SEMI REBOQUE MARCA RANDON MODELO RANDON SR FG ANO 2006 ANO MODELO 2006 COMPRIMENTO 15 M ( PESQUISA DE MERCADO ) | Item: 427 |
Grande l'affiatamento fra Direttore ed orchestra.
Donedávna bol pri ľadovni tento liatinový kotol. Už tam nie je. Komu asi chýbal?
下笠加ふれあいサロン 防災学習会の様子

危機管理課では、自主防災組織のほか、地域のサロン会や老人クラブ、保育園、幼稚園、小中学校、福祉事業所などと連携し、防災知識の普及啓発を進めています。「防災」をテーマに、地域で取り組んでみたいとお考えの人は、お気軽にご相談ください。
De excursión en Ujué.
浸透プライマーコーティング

------------------------------------

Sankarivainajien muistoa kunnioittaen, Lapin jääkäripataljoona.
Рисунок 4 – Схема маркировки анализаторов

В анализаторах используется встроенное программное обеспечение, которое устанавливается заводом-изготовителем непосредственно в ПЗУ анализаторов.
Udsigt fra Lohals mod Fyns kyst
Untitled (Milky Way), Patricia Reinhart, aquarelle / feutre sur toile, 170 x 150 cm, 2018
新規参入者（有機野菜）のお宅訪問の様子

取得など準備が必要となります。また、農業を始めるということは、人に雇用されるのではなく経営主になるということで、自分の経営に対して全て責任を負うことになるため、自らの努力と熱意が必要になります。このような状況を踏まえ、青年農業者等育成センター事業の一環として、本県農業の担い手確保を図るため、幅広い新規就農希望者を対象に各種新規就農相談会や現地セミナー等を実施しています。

------------------------------------

Work to be completed: Could you restate word for word the lines above, from the one that contains "下笠加ふれあいサロン 防災学習会の様子" through the one that contains "浸透プライマーコーティング", and no others?

Solution:
下笠加ふれあいサロン 防災学習会の様子

危機管理課では、自主防災組織のほか、地域のサロン会や老人クラブ、保育園、幼稚園、小中学校、福祉事業所などと連携し、防災知識の普及啓発を進めています。「防災」をテーマに、地域で取り組んでみたいとお考えの人は、お気軽にご相談ください。
De excursión en Ujué.
浸透プライマーコーティング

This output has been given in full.